[Opening DATA FOR ANALYSIS section]
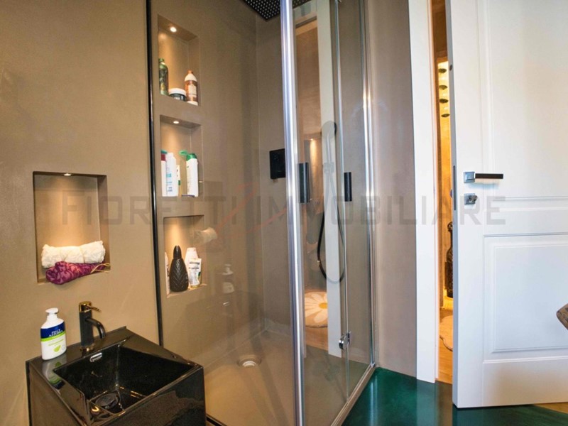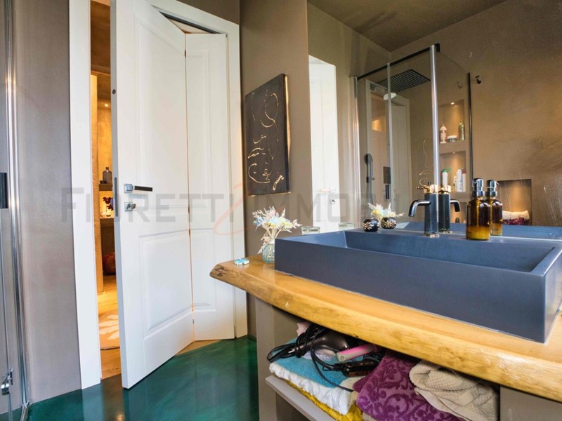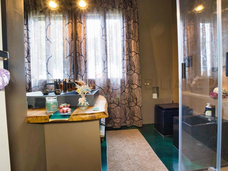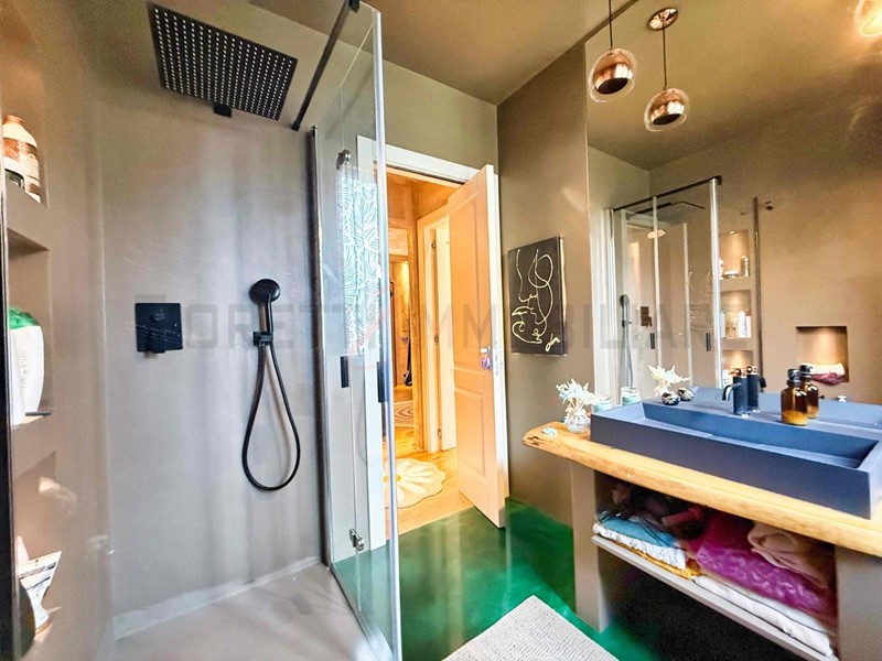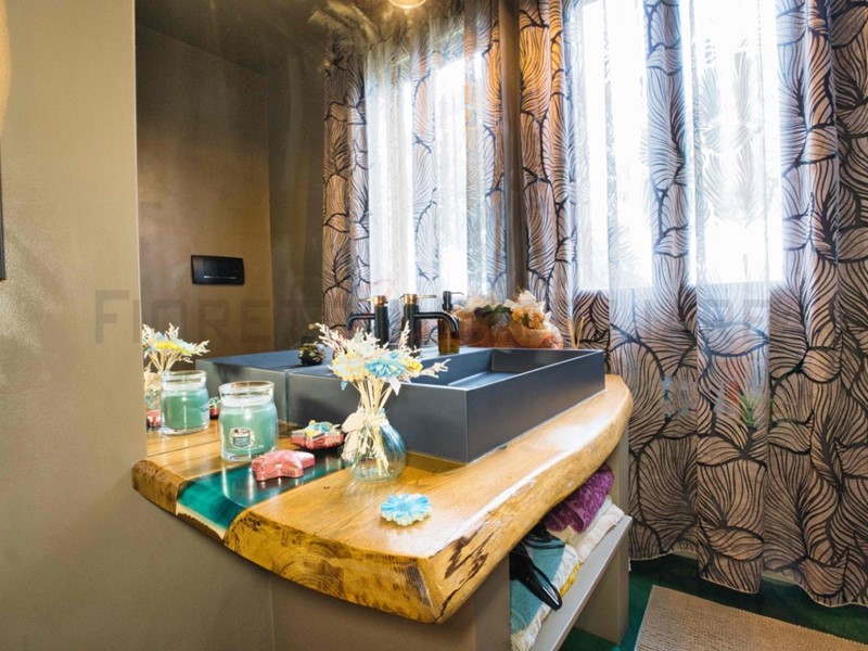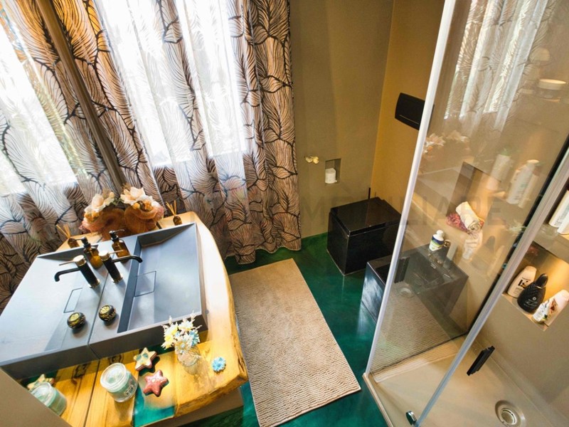 Il bagno, dal design moderno, è realizzato interamente in resina (pavimento, rivestimenti e piano d’appoggio), con sanitari di particolare pregio e unicità.
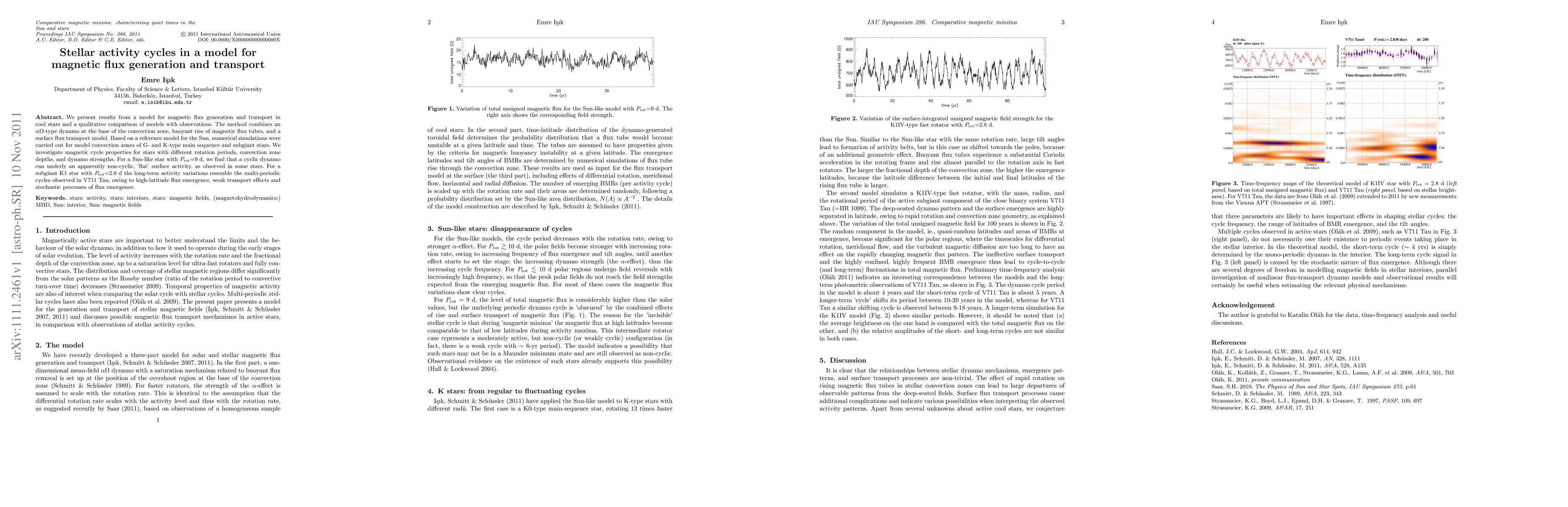 This paper models magnetic flux generation and transport in cool stars, combining dynamo theory with flux tube dynamics and surface transport. It finds that cyclic dynamos can produce non-cyclic surface activity and that multi-periodic cycles in subgiant stars result from high-latitude flux emergence and stochastic processes.
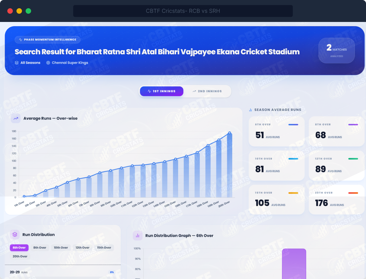When a team is 68/2 after 10 overs and the 10-over average here is 84, you know — instantly, without calculation — that they are 16 runs behind par. That is the decision-support capability this module delivers.
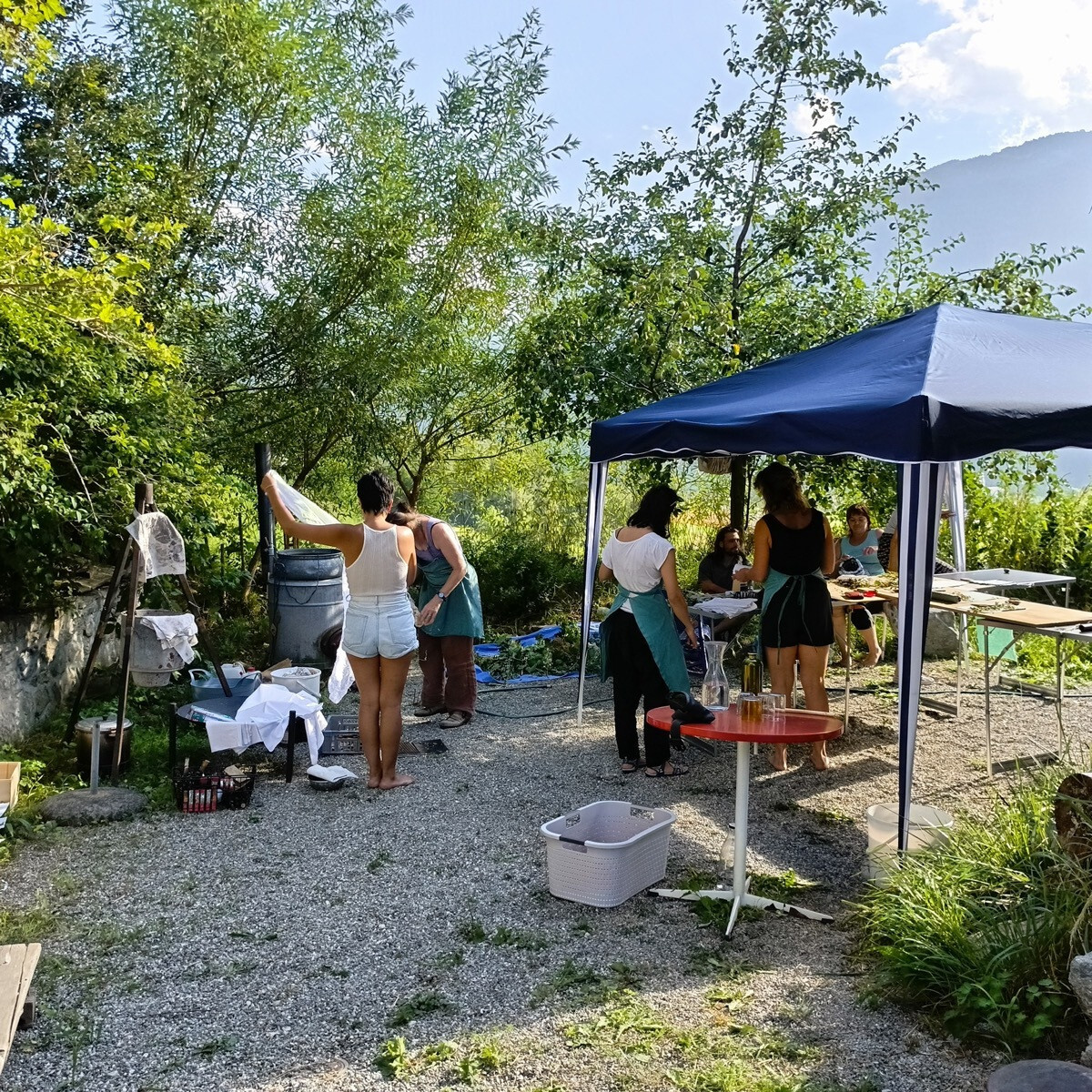 Just like every year, Esther Grischott from Pignia will once again be heating the large “Dirty Pot”—an old wash tub—over a fire for the Eco Print workshop.
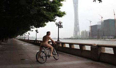 Ou Zhihang, ông chủ đình đám của đài truyền hình Quảng Đông, Trung Quốc khiến bàn dân thiên hạ được phen “nổ đom đóm mắt” khi trần như nhộng, thong dong trên một chiếc xe đạp, diễu khắp thành phố. Mục đích duy nhất của đại gia này là kêu gọi người dân bảo vệ môi trường.
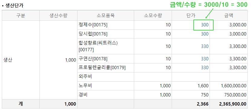 콜라는 원가생성에 들어간 전체 노무비에 20/(20+30)이 곱해지게 되고, 제로콜라는 전체 노무비에 30/(20+30)이 곱한값을 해당 품목의 노무비금액에 반영됩니다. 이 금액에 소모 수량이 나누어져 '노무비 단가'가 계산됩니다.
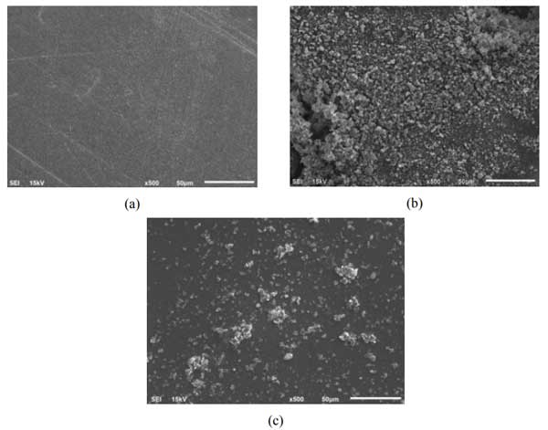 進(jìn)行SEM以研究材料的形態(tài)。圖1顯示了放大率為500x的殼聚糖膜(圖1a),活性炭(圖1b)和活性炭殼聚糖復(fù)合膜(圖1c)的SEM圖像;钚蕴康钠骄綖0.7μm(圖4b)。殼聚糖膜的表面與活性炭殼聚糖復(fù)合膜的表面相比是光滑的,這是由于復(fù)合膜中存在活性碳。活性炭在殼聚糖膜中的分布由圖證實(shí)。它還證實(shí)了殼聚糖薄膜覆蓋了活性炭。
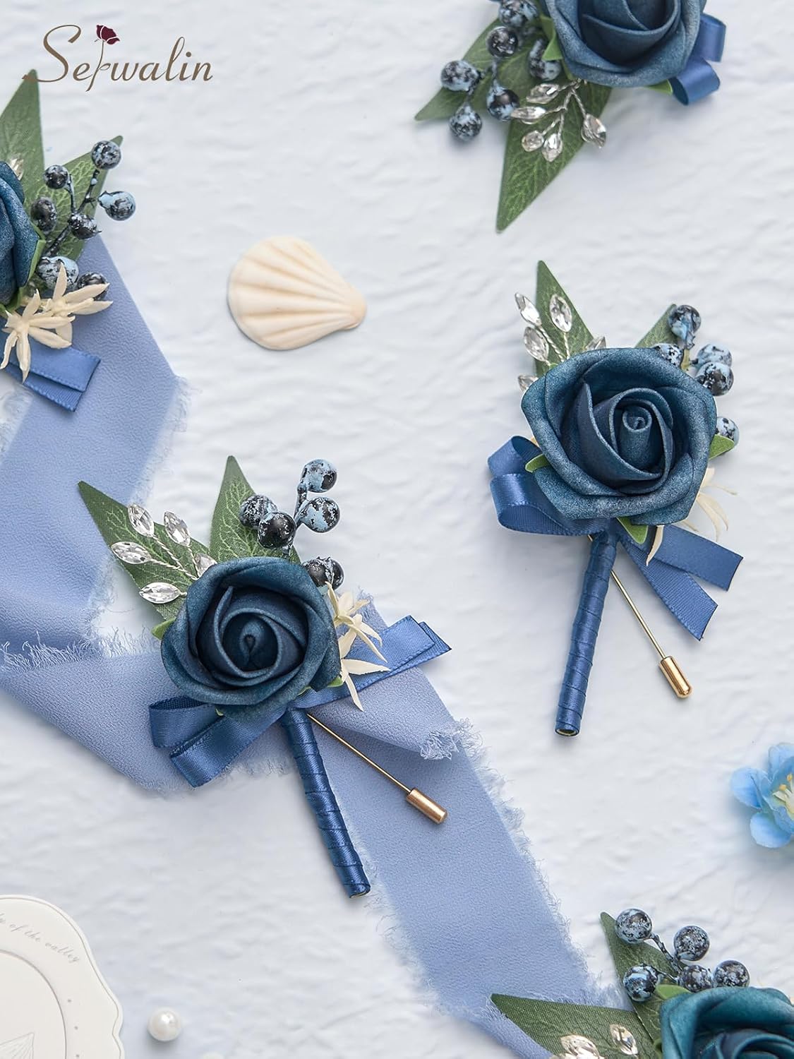 Serwalin 10Pcs Boutonniere for Men, Blue Groom and Best Man Boutonniere, Artificial Flowers for Wedding Decor Prom Homecoming Ceremony Anniversary Formal Dinner Party
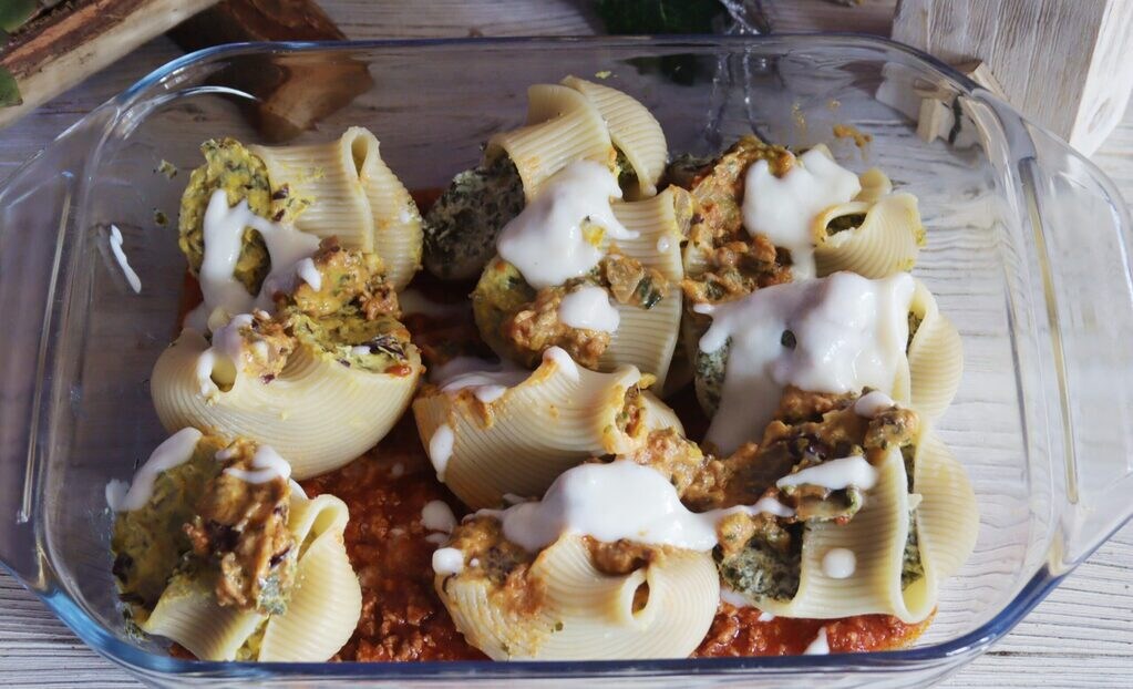 Pasta conchiglioni rellenos, para todos nosotros la pasta siempre ha sido el plato principal de nuestros platos, pocos sin embargo conocen su origen tan antiguo. La pasta de hecho se remonta a hace unos 7000 años en su forma rudimentaria con los primeros asentamientos cuando el hombre comenzó con la recolección de trigo. Hoy en día, por muy buena que sea, la pasta artesanal y hecha en casa no se utiliza mucho por la falta de tiempo y de habilidad, el lado positivo sin embargo es sin duda la rapidez con la que se cocina y la variedad de recetas que hoy podemos hacer con ella, entre ellas está la mía… la pasta conchiglioni rellenos es una buena alternativa a la habitual lasaña o canelones rellenos a menudo preparados para las fiestas y cenas familiares, en algunos casos también puede usarse como plato único porque es muy sustanciosa y atrae la atención incluso de los más exigentes.
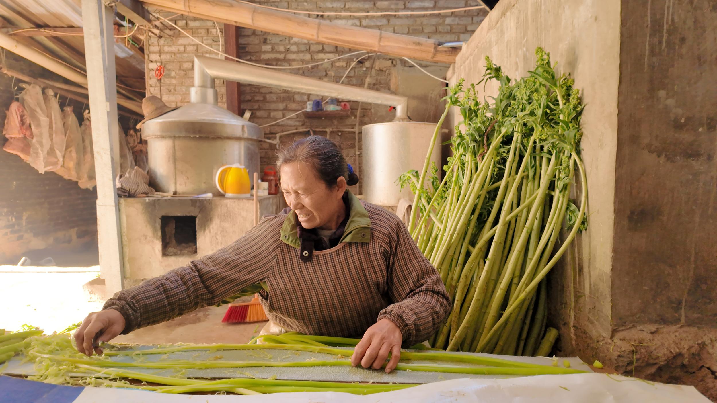 “我们在村活动场所设立收购点,现收现结,让群众看得见收益、放心种植。”河东村党总支副书记张晓鑫介绍,通过“订单式”合作,试种贡菜品质优、收益好,迅速赢得村民信任。种植规模从最初的20亩,逐年扩大至去年的50亩,带动20户农户增收;仅削皮加工日均就可为12名村民提供岗位。今年,全村贡菜种植面积预计突破80亩。
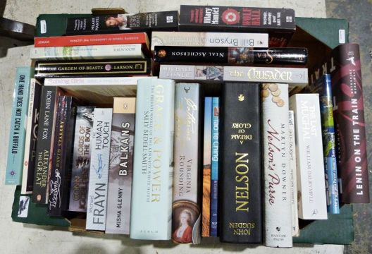 Assorted volumes on various subjects to include:-Hendrickson, Paul"Hemingway's Boat - Everything He Loved in Life and Lost 1934-1961", The Bodley Head, photographic frontis, published 2012, dj Bedell-Smith, Sally"Grace and Power, the Private World of the Kennedy White House", etc (3 boxes)
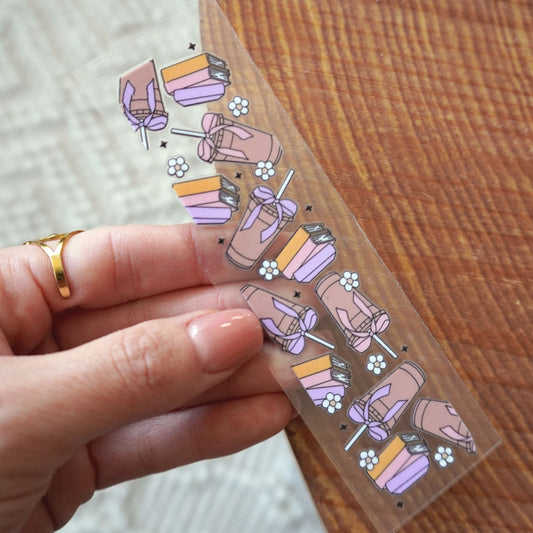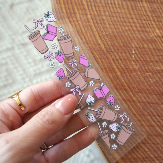 [ Double Sided ] Bookmark UV DTF Decal | Bow, Books & Iced Coffee
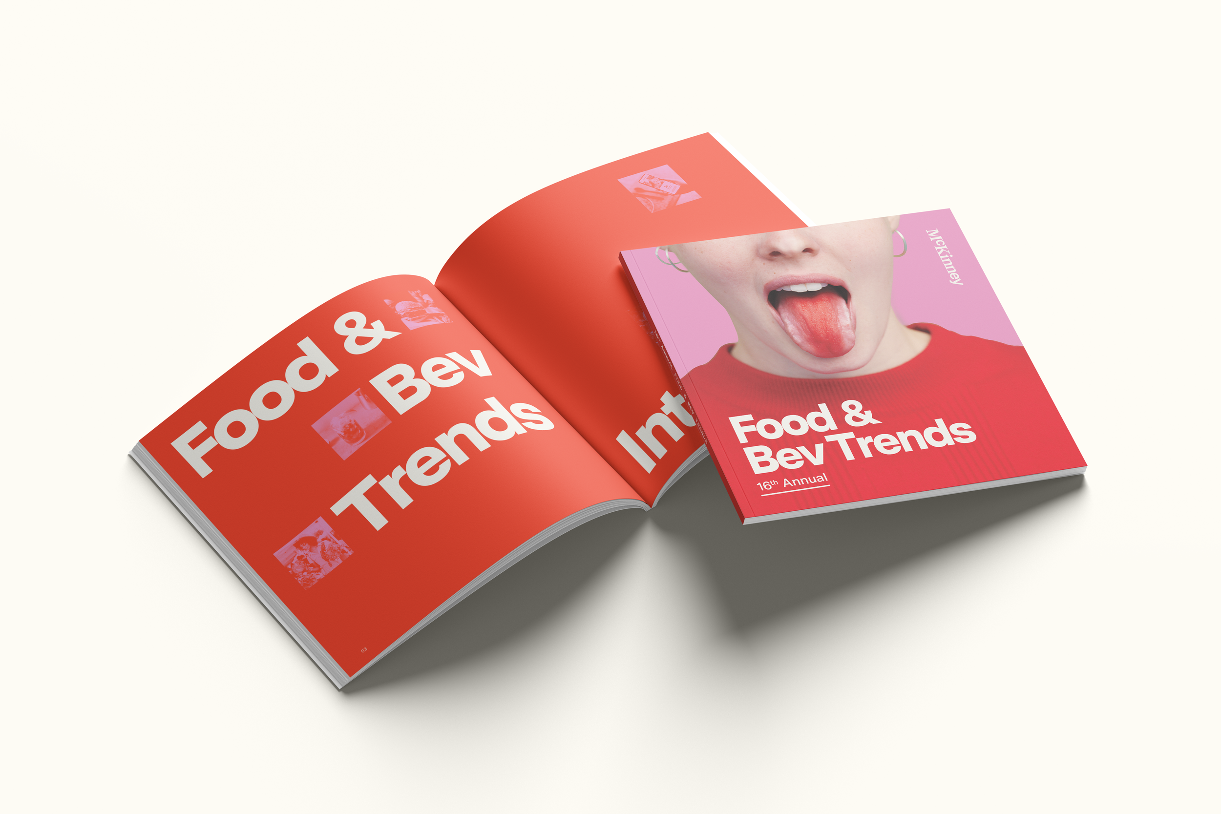 The 16th Annual Food Trends Report challenged me to create a cohesive visual system that worked across print, digital, and social while exploring AI-generated content. The system was built on vibrant colors, clean Swiss-inspired layouts, and provocative photography treated with a punchy red-and-pink duotone. The goal was to amplify culture-cutting trends with visuals that demanded attention while maintaining editorial clarity across every touchpoint.
[Closing DATA FOR ANALYSIS section]
* [REQUIRED WORK]: Transcribe exactly the lines above, beginning at the one with "When a team" and going up to and including the one with "Ou Zhihang, ông". Pictures do not belong in the copy.

* [OUTPUT OF THE TASK]:
When a team is 68/2 after 10 overs and the 10-over average here is 84, you know — instantly, without calculation — that they are 16 runs behind par. That is the decision-support capability this module delivers.
 Just like every year, Esther Grischott from Pignia will once again be heating the large “Dirty Pot”—an old wash tub—over a fire for the Eco Print workshop.
 Ou Zhihang, ông chủ đình đám của đài truyền hình Quảng Đông, Trung Quốc khiến bàn dân thiên hạ được phen “nổ đom đóm mắt” khi trần như nhộng, thong dong trên một chiếc xe đạp, diễu khắp thành phố. Mục đích duy nhất của đại gia này là kêu gọi người dân bảo vệ môi trường.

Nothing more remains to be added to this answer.